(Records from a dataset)
· · ·
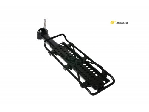 Nosič na sedlovou trubku kola standardních rámů ve velikosti S a M pro převoz lehčích nákladů. Je ideálním řešením v případech, kdy na rámech kola nejsou návarky a závity pro montáž zadního nosiče. Tělo nosiče je svařené z masivního kusu tenkostěnného protlačovaného profilu z hliníkové slitiny AW 6061.
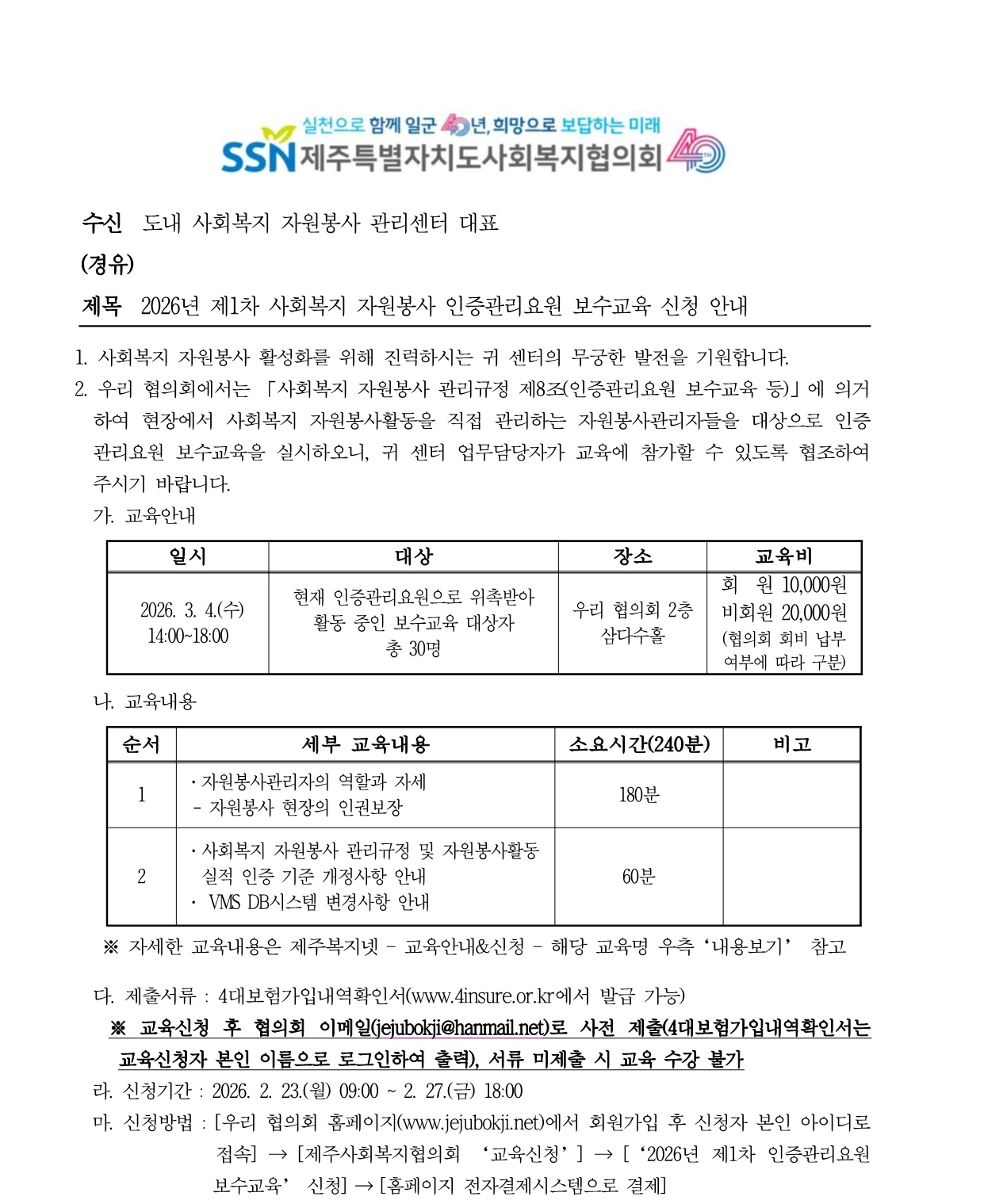 2026년 제1차 인증관리요원 보수교육 신청 안내
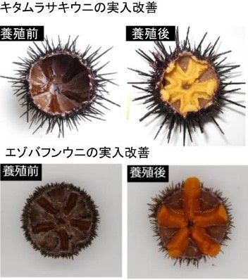 北三陸ファクトリーでは、海の砂漠化「磯焼け」を防ぐために駆除・廃棄されていた実入りの悪いウニを採捕し、ウニ用生簀へ収容、短期間の給餌により、実入り、色、品質を大幅に改善し、天然ウニと遜色のない美味しさの実現に成功しました。これにより、本来ウニが流通しない秋冬にも出荷が可能となります。
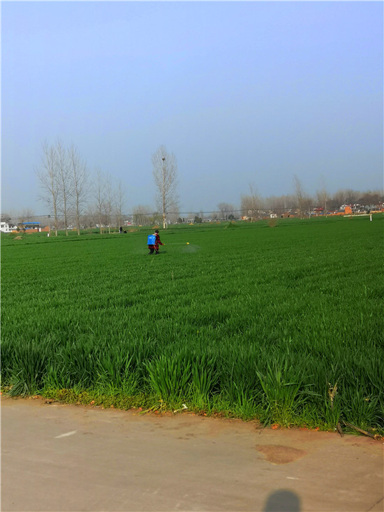 3月10日,沈丘县老城镇南关村村民在麦田里喷洒除草剂。
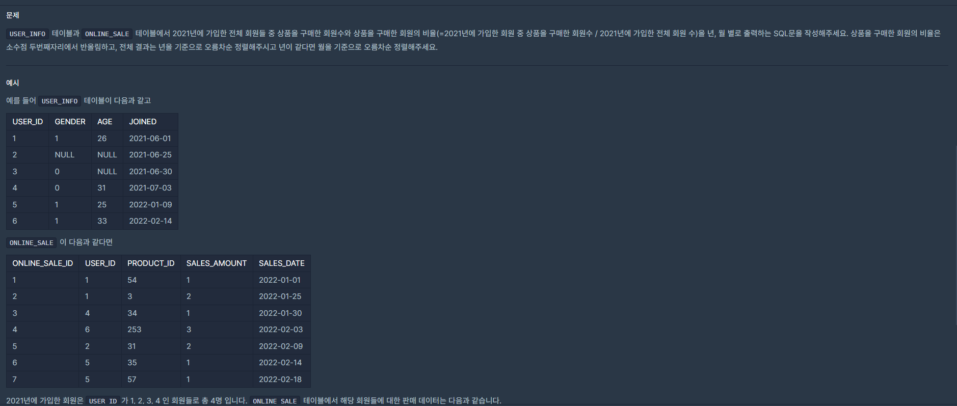 [프로그래머스 ORACLE SQL]상품을 구매한 회원 비율 구하기★INNER JOIN★DISTINCT
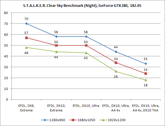 Несколько видоизменился и профиль графиков: пропало падение производительности при переходе от Extreme к Ultra-пресету под API DX10 — вероятнее всего, дело в том, что ночью тени от солнца в любом пресете качества не отрисовываются.
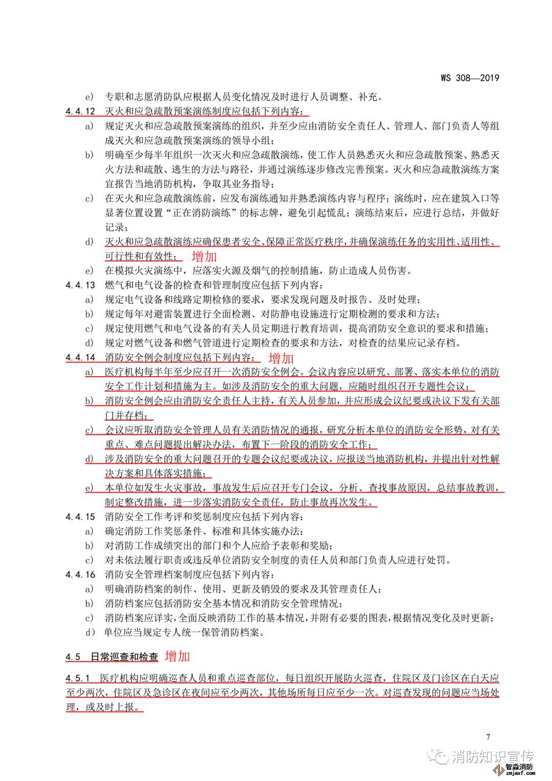 ——增加了屬于高危單位的醫療機構開展消防安全評估的要求(見4.1.14);
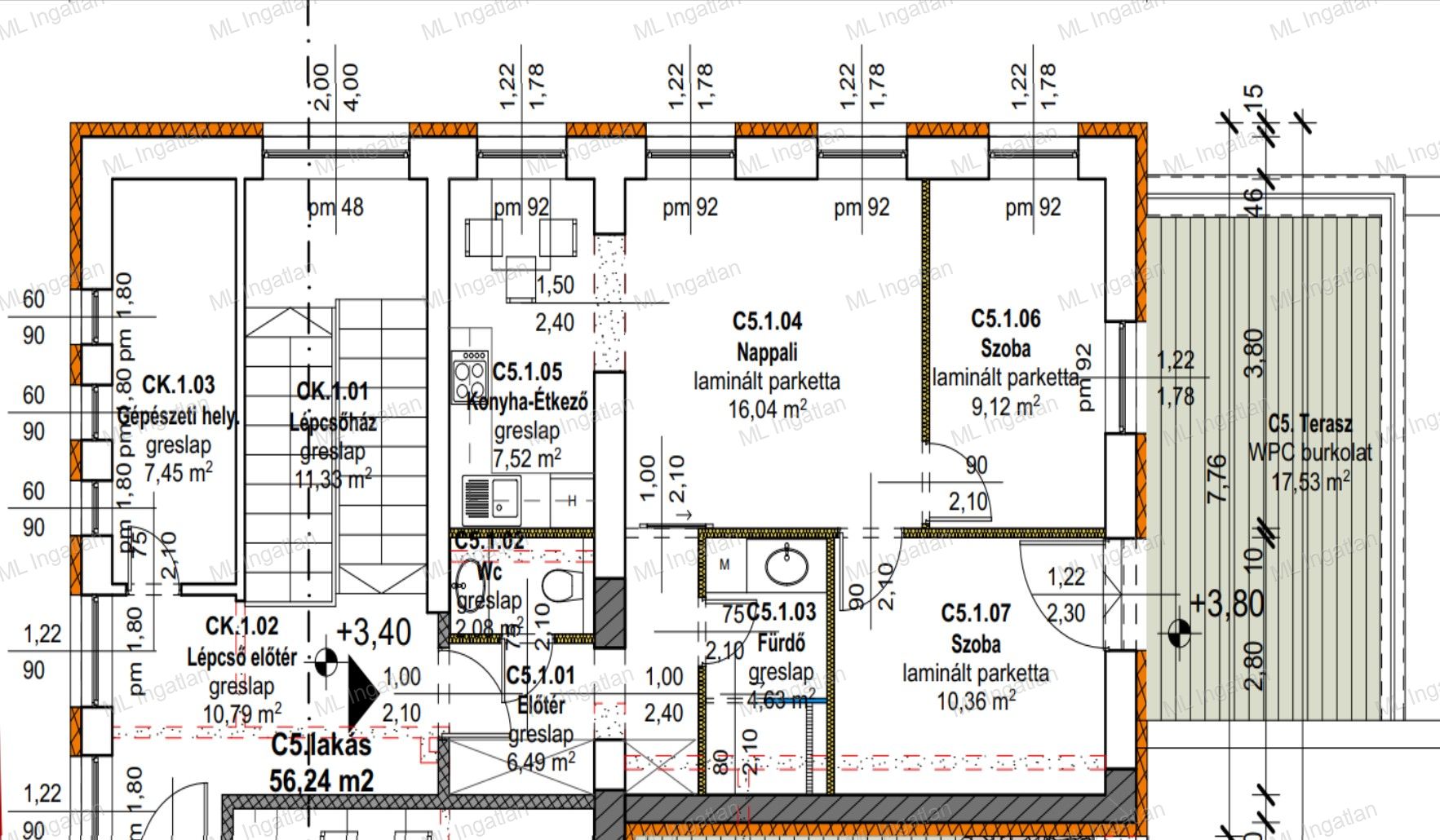 A padlóburkolatot, a csempét, a járólapot és a szanitereket a vásárló választja ki.
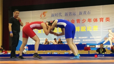 8月9日,在省运会青少年摔跤比赛中,咸宁代表队运动员钟艳芬(右图,着蓝色运动服)夺得女子甲组56公斤级亚军,为咸宁代表团再添一枚奖牌。
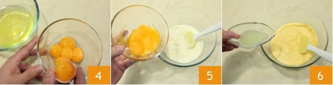 Separate the egg whites from the yolks 4 and incorporate the yolks into the mix 5. Add the lime juice 6 and the coconut milk. Mix the ingredients with a spatula to combine.
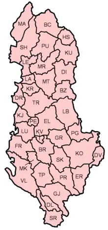 In Albania, vehicle registration plates are issued by the General Directory of Road Transport Services (Albanian: Drejtoria e Përgjithshme e Shërbimeve Të Transportit Rrugor, DPSHTRR).
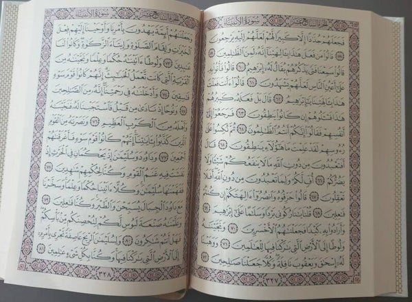 Een Quran in het Arabisch (Hafs) met een harde kaft van Suede.
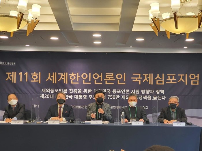 이날 앞서 진행된 '재외동포 언론 진흥 방향' 주제 발표에서 여익환 세계한인언론인협회 사무총장은 "신종 코로나바이러스 감염증(코로나19) 팬데믹으로 세계 360여 개 한인 언론사가 경영난으로 절규하고 있다"며 "한국 정부는 차세대 한민족 정체성 확립을 위해 활동하는 한인 언론인 지원에 적극적으로 나서고, 궁극적으로 '재외동포언론진흥원'(가칭)을 설립해 달라"고 요청했다.
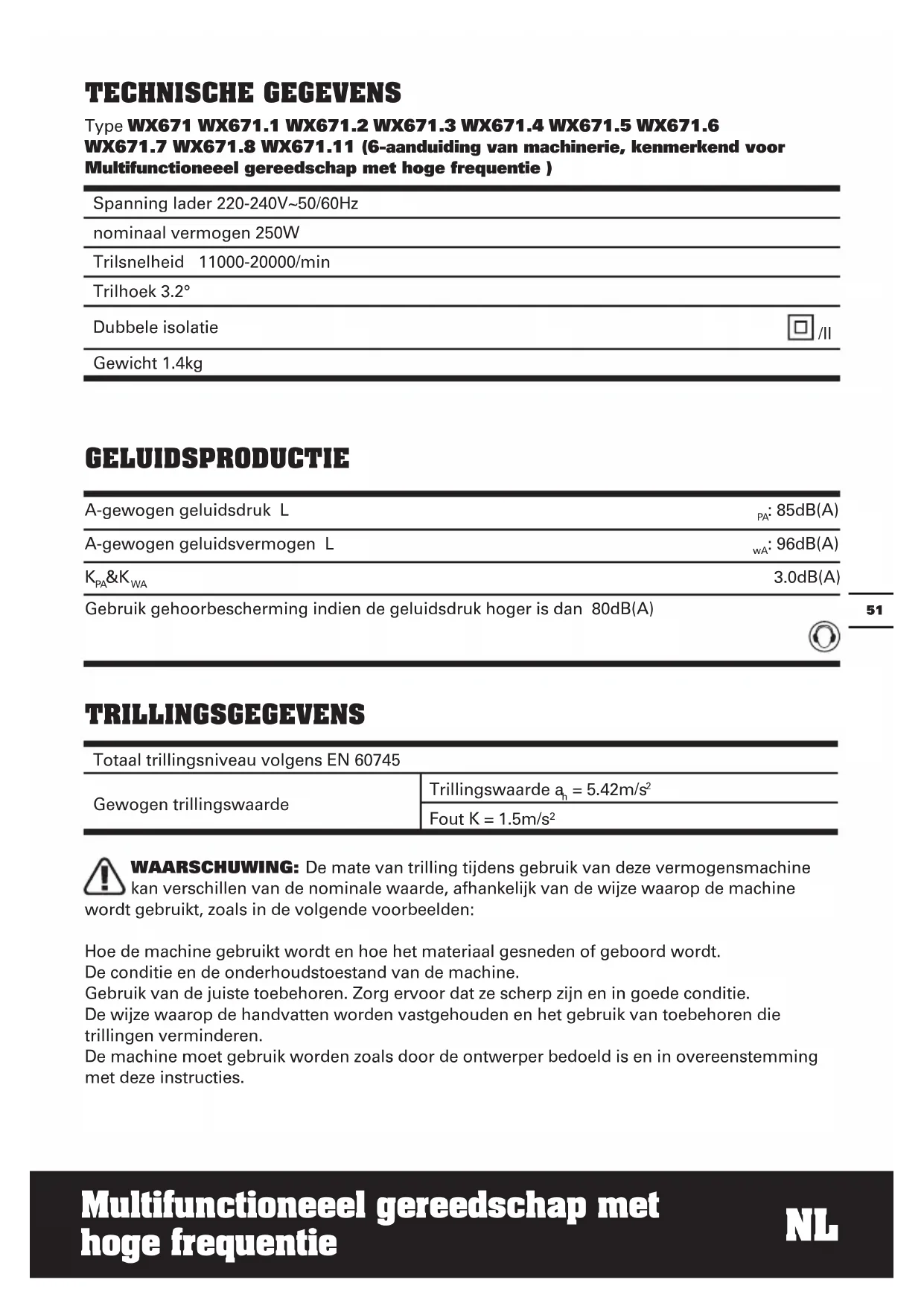 Fout K = 1.5m/s² WAARSCHUWING: De mate van trilling tijdens gebruik van deze vermogensmachine kan verschillen van de nominale waarde, afhankelijk van de wijze waarop de machine wordt gebruikt, zoals in de volgende voorbeelden: Hoe de machine gebruikt wordt en hoe het materiaal gesneden of geboord wordt. De conditie en de onderhoudstoestand van de machine. Gebruik van de juiste toebehoren. Zorg ervoor dat ze scherp zijn en in goede conditie. De wijze waarop de handvatten worden vastgehouden en het gebruik van toebehoren die trillingen verminderen. De machine moet gebruik worden zoals door de ontwerper bedoeld is en in overeenstemming met deze instructies. Spanning lader 220-240V~50/60Hz nominaal vermogen 250W Trilsnelheid 11000-20000/min Trilhoek 3.2° Dubbele isolatie /II Gewicht 1.4kgNL
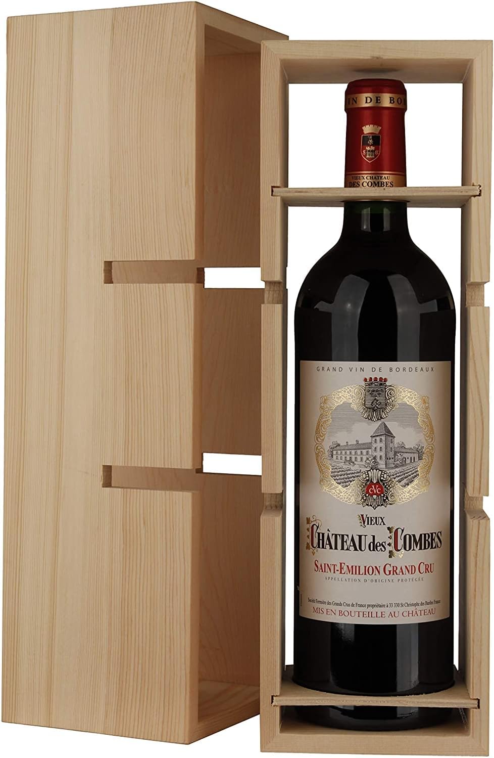 Dieses Wein-Geschenkset enthält eine Flasche Rotwein Vieux Château des Combes, Saint Emilion Grand Cru in einer Holzkiste; Die Holzkiste lässt sich in ein Weinregal verwandeln
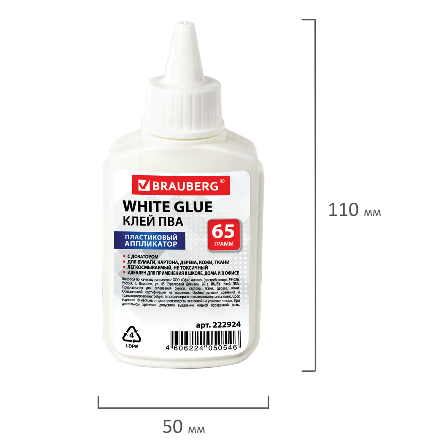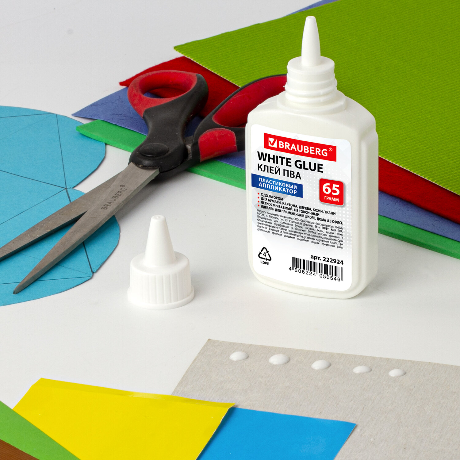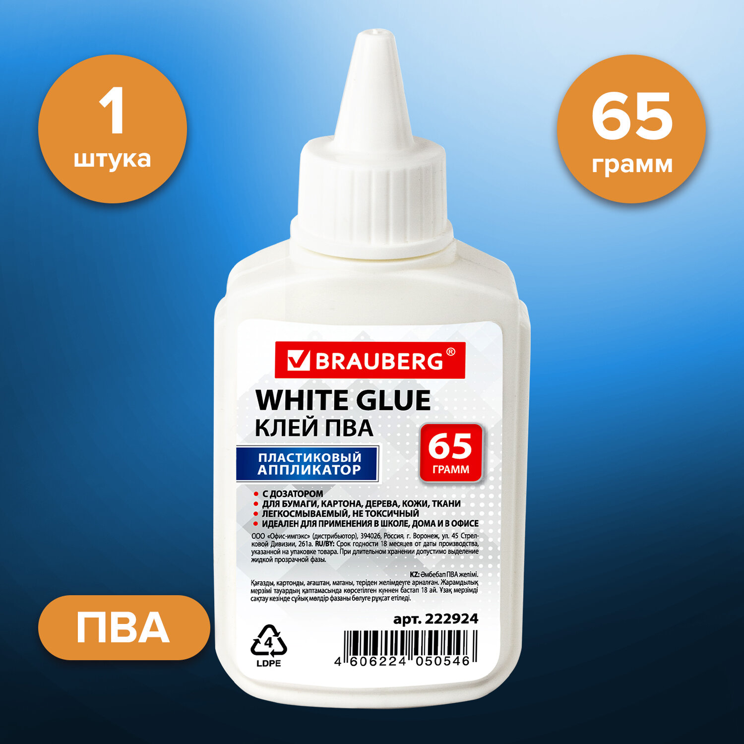 - Клей ПВА BRAUBERG (бумага, картон, дерево), 65 г, 222924
· · ·
**ABOUT THIS TASK:** Reproduce every record exactly; images stay out.

**RESULT OF THE EXERCISE:**
 Nosič na sedlovou trubku kola standardních rámů ve velikosti S a M pro převoz lehčích nákladů. Je ideálním řešením v případech, kdy na rámech kola nejsou návarky a závity pro montáž zadního nosiče. Tělo nosiče je svařené z masivního kusu tenkostěnného protlačovaného profilu z hliníkové slitiny AW 6061.
 2026년 제1차 인증관리요원 보수교육 신청 안내
 北三陸ファクトリーでは、海の砂漠化「磯焼け」を防ぐために駆除・廃棄されていた実入りの悪いウニを採捕し、ウニ用生簀へ収容、短期間の給餌により、実入り、色、品質を大幅に改善し、天然ウニと遜色のない美味しさの実現に成功しました。これにより、本来ウニが流通しない秋冬にも出荷が可能となります。
 3月10日,沈丘县老城镇南关村村民在麦田里喷洒除草剂。
 [프로그래머스 ORACLE SQL]상품을 구매한 회원 비율 구하기★INNER JOIN★DISTINCT
 Несколько видоизменился и профиль графиков: пропало падение производительности при переходе от Extreme к Ultra-пресету под API DX10 — вероятнее всего, дело в том, что ночью тени от солнца в любом пресете качества не отрисовываются.
 ——增加了屬于高危單位的醫療機構開展消防安全評估的要求(見4.1.14);
 A padlóburkolatot, a csempét, a járólapot és a szanitereket a vásárló választja ki.
 8月9日,在省运会青少年摔跤比赛中,咸宁代表队运动员钟艳芬(右图,着蓝色运动服)夺得女子甲组56公斤级亚军,为咸宁代表团再添一枚奖牌。
 Separate the egg whites from the yolks 4 and incorporate the yolks into the mix 5. Add the lime juice 6 and the coconut milk. Mix the ingredients with a spatula to combine.
 In Albania, vehicle registration plates are issued by the General Directory of Road Transport Services (Albanian: Drejtoria e Përgjithshme e Shërbimeve Të Transportit Rrugor, DPSHTRR).
 Een Quran in het Arabisch (Hafs) met een harde kaft van Suede.
 이날 앞서 진행된 '재외동포 언론 진흥 방향' 주제 발표에서 여익환 세계한인언론인협회 사무총장은 "신종 코로나바이러스 감염증(코로나19) 팬데믹으로 세계 360여 개 한인 언론사가 경영난으로 절규하고 있다"며 "한국 정부는 차세대 한민족 정체성 확립을 위해 활동하는 한인 언론인 지원에 적극적으로 나서고, 궁극적으로 '재외동포언론진흥원'(가칭)을 설립해 달라"고 요청했다.
 Fout K = 1.5m/s² WAARSCHUWING: De mate van trilling tijdens gebruik van deze vermogensmachine kan verschillen van de nominale waarde, afhankelijk van de wijze waarop de machine wordt gebruikt, zoals in de volgende voorbeelden: Hoe de machine gebruikt wordt en hoe het materiaal gesneden of geboord wordt. De conditie en de onderhoudstoestand van de machine. Gebruik van de juiste toebehoren. Zorg ervoor dat ze scherp zijn en in goede conditie. De wijze waarop de handvatten worden vastgehouden en het gebruik van toebehoren die trillingen verminderen. De machine moet gebruik worden zoals door de ontwerper bedoeld is en in overeenstemming met deze instructies. Spanning lader 220-240V~50/60Hz nominaal vermogen 250W Trilsnelheid 11000-20000/min Trilhoek 3.2° Dubbele isolatie /II Gewicht 1.4kgNL
 Dieses Wein-Geschenkset enthält eine Flasche Rotwein Vieux Château des Combes, Saint Emilion Grand Cru in einer Holzkiste; Die Holzkiste lässt sich in ein Weinregal verwandeln
 - Клей ПВА BRAUBERG (бумага, картон, дерево), 65 г, 222924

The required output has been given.